# DATASET EXCERPT
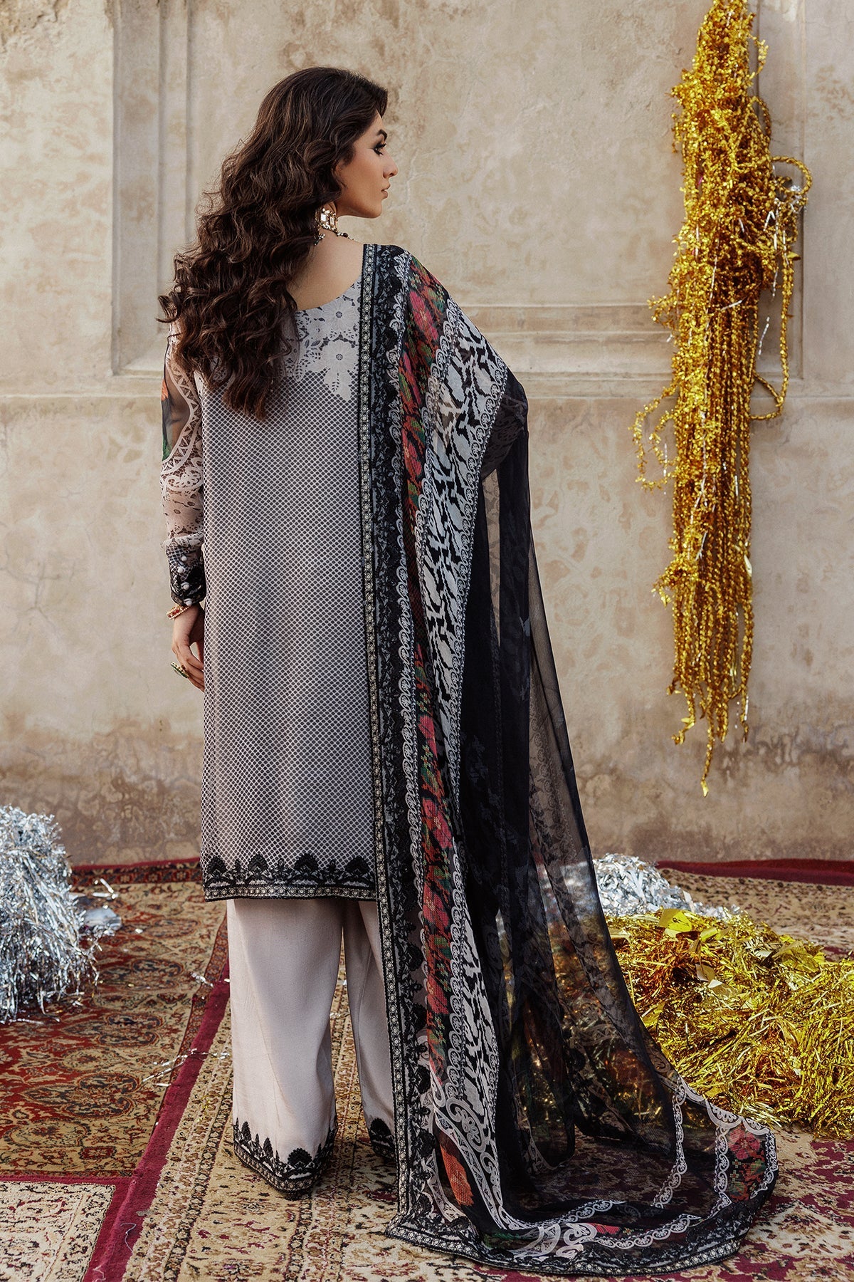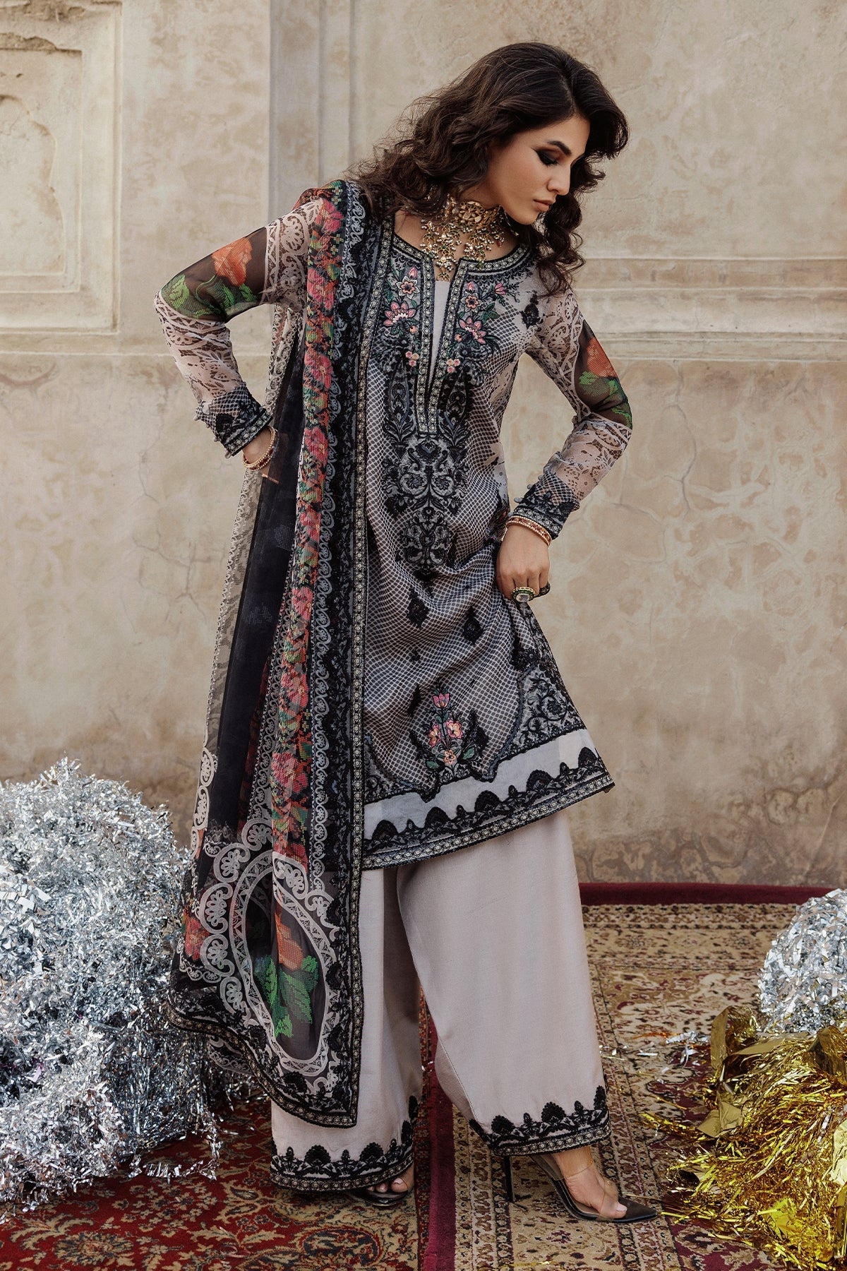Summary: Discover sophistication with this Charizma Vasal Luxury Formal Pakistani suit. The kameez, in a refined shade of grey, is crafted from lightweight printed chiffon, making it an ideal choice for Spring/Summer events. This elegant dress features exquisite black embroidery detailing on the neckline and borders, adding a touch of classic charm. The overall design exudes grace, positioning this outfit as a prime example of high-end ethnic wear. Perfect for formal gatherings, wedding functions, or festive parties, this Pakistani dress is a statement of understated luxury and style.
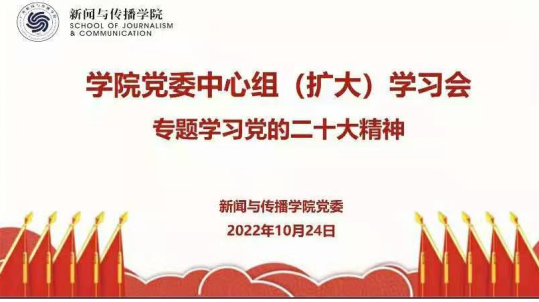 院长侯迎忠教授进行领学。侯迎忠通过“中国共产党的中心任务”、“三个务必”、“五个必由之路”、“六个必须坚持”等一组数字和关键词全面系统阐述了习近平总书记在中国共产党第二十次全国代表大会上的报告。指出习近平总书记的报告高瞻远瞩、气势恢弘,鼓舞人心、催人奋进,总结了过去五年的工作和新时代十年的伟大变革。侯迎忠结合习近平总书记的报告中关于中华文明传播和青年工作的重要论述,指出要全面加强国际传播能力建设,肩负育人使命,着力培养讲好中国故事、传播中国声音的国际新闻传播人才,展现可信、可爱、可敬的中国形象,推动中华文化更好走向世界。
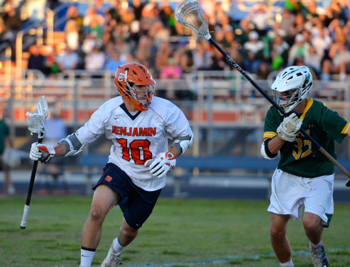 Okay , the crowd didn’t go wild (not for lack of size of it, it was a BIG crowd last night) but it’s not MSG with 19,000 so we’ll just say it was a pleasant surprise to see him be able to play after missing the entire season . . . and he did make a heck of an impact. If this game was a 44 minute game (okay technically 43:58), Jupiter wins this game easily. But in the last 1:02 or less of each quarter Benjamin outscored Jupiter 5-0.That’s pretty amazing.Austin Michels came up with 17 saves for Benjamin and shut out Jupiter for the last 22:27 of the game.And NEITHER TEAM scored in the fourth quarter.Jupiter had their chances . . . including 2 minutes of Man Up with 2:19 to go, but the Benjamin defense and Michels rose to the occasion to hold off the potential overtime.There even was an amazing call that wiped out a Jupiter goal late in the third quarter . . . a correct call that I was not even sure what the rule was. The referee who called it clarified it to me so here is what happened:Late in the third Benjamin had rallied within a goal and there was a goalie interference on Jupiter, giving Michels a chance to make an outlet pass on the delayed whistle. That pass was intercepted by Michael Dean about 5 yards away and Dean was able to find the net quickly with the shot that would have made it 8-6. It happened so quickly that the ref had to make a quick call to waive it off, which was the correct call. If it was a delay for a Jupiter player being in the crease instead I believe the ref would have more discretion to let the play stand, but goalie interference does not have that discretion. A proper call at a tough point in the game . . . and I doubt anyone there would believe it would be the last time a shot went into the net for the Warriors.So many other interesting things in this game. A number of momentum changes.7 goals for Jupiter and 7 goal scorers. 4 2-goal scorers for Benjamin.Jupiter actually put more shots on goal than Benjamin attempted, but the Bucs hit the cage with over 70% of them.And a third quarter that any boxing fan would recognize . . . when both teams landed knockdowns. Jupiter scoring three times in 1:27 to start the second half and take the 7-4 lead, only to see Benjamin tally the last four goals to go back up 8-7. And then there was a frightening moment late in the game too.In those last few frantic minutes of defense by the Bucs, a Jupiter player up top middle was able to step down and rip a shot that looked like it caught Benjamin sophomore middie Blake Chami on the side of the helmet and he went down in that scary manner of slowly, staying down for awhile before being helped off the field. He didn’t exactly look like he was shaking it off easily afterwards.Stick manufacturers, pay attention.Your stick designs are starting to endanger the kids and the game.And to the rulemakers . . . you are supposed to control the game, not the other way around. Make it easier to take the ball away and harder to wind up for shots that are less accurate. I have seen FIVE instances of this happening this year with a kid getting nailed by a wayward shot, more than ALL FOUR PREVIOUS YEAR’S COMBINED. No kid should be able to stickhandle through all 6 defenders, getting pinballed, and still be able to hold on. That tradeoff needs to start to favor shooting accuracy, not shooting power or ball carrying.It will make the game safer AND better.Please re-visit this ASAP. I might not be the best to listen to but someone like Richie Moran is, and he has been saying this for awhile.Listen to him, not me.

# TASK OBJECTIVE
Everything in the listing, except its images, should be set down exactly.

# TASK OUTPUT
Summary: Discover sophistication with this Charizma Vasal Luxury Formal Pakistani suit. The kameez, in a refined shade of grey, is crafted from lightweight printed chiffon, making it an ideal choice for Spring/Summer events. This elegant dress features exquisite black embroidery detailing on the neckline and borders, adding a touch of classic charm. The overall design exudes grace, positioning this outfit as a prime example of high-end ethnic wear. Perfect for formal gatherings, wedding functions, or festive parties, this Pakistani dress is a statement of understated luxury and style.
 院长侯迎忠教授进行领学。侯迎忠通过“中国共产党的中心任务”、“三个务必”、“五个必由之路”、“六个必须坚持”等一组数字和关键词全面系统阐述了习近平总书记在中国共产党第二十次全国代表大会上的报告。指出习近平总书记的报告高瞻远瞩、气势恢弘,鼓舞人心、催人奋进,总结了过去五年的工作和新时代十年的伟大变革。侯迎忠结合习近平总书记的报告中关于中华文明传播和青年工作的重要论述,指出要全面加强国际传播能力建设,肩负育人使命,着力培养讲好中国故事、传播中国声音的国际新闻传播人才,展现可信、可爱、可敬的中国形象,推动中华文化更好走向世界。
 Okay , the crowd didn’t go wild (not for lack of size of it, it was a BIG crowd last night) but it’s not MSG with 19,000 so we’ll just say it was a pleasant surprise to see him be able to play after missing the entire season . . . and he did make a heck of an impact. If this game was a 44 minute game (okay technically 43:58), Jupiter wins this game easily. But in the last 1:02 or less of each quarter Benjamin outscored Jupiter 5-0.That’s pretty amazing.Austin Michels came up with 17 saves for Benjamin and shut out Jupiter for the last 22:27 of the game.And NEITHER TEAM scored in the fourth quarter.Jupiter had their chances . . . including 2 minutes of Man Up with 2:19 to go, but the Benjamin defense and Michels rose to the occasion to hold off the potential overtime.There even was an amazing call that wiped out a Jupiter goal late in the third quarter . . . a correct call that I was not even sure what the rule was. The referee who called it clarified it to me so here is what happened:Late in the third Benjamin had rallied within a goal and there was a goalie interference on Jupiter, giving Michels a chance to make an outlet pass on the delayed whistle. That pass was intercepted by Michael Dean about 5 yards away and Dean was able to find the net quickly with the shot that would have made it 8-6. It happened so quickly that the ref had to make a quick call to waive it off, which was the correct call. If it was a delay for a Jupiter player being in the crease instead I believe the ref would have more discretion to let the play stand, but goalie interference does not have that discretion. A proper call at a tough point in the game . . . and I doubt anyone there would believe it would be the last time a shot went into the net for the Warriors.So many other interesting things in this game. A number of momentum changes.7 goals for Jupiter and 7 goal scorers. 4 2-goal scorers for Benjamin.Jupiter actually put more shots on goal than Benjamin attempted, but the Bucs hit the cage with over 70% of them.And a third quarter that any boxing fan would recognize . . . when both teams landed knockdowns. Jupiter scoring three times in 1:27 to start the second half and take the 7-4 lead, only to see Benjamin tally the last four goals to go back up 8-7. And then there was a frightening moment late in the game too.In those last few frantic minutes of defense by the Bucs, a Jupiter player up top middle was able to step down and rip a shot that looked like it caught Benjamin sophomore middie Blake Chami on the side of the helmet and he went down in that scary manner of slowly, staying down for awhile before being helped off the field. He didn’t exactly look like he was shaking it off easily afterwards.Stick manufacturers, pay attention.Your stick designs are starting to endanger the kids and the game.And to the rulemakers . . . you are supposed to control the game, not the other way around. Make it easier to take the ball away and harder to wind up for shots that are less accurate. I have seen FIVE instances of this happening this year with a kid getting nailed by a wayward shot, more than ALL FOUR PREVIOUS YEAR’S COMBINED. No kid should be able to stickhandle through all 6 defenders, getting pinballed, and still be able to hold on. That tradeoff needs to start to favor shooting accuracy, not shooting power or ball carrying.It will make the game safer AND better.Please re-visit this ASAP. I might not be the best to listen to but someone like Richie Moran is, and he has been saying this for awhile.Listen to him, not me.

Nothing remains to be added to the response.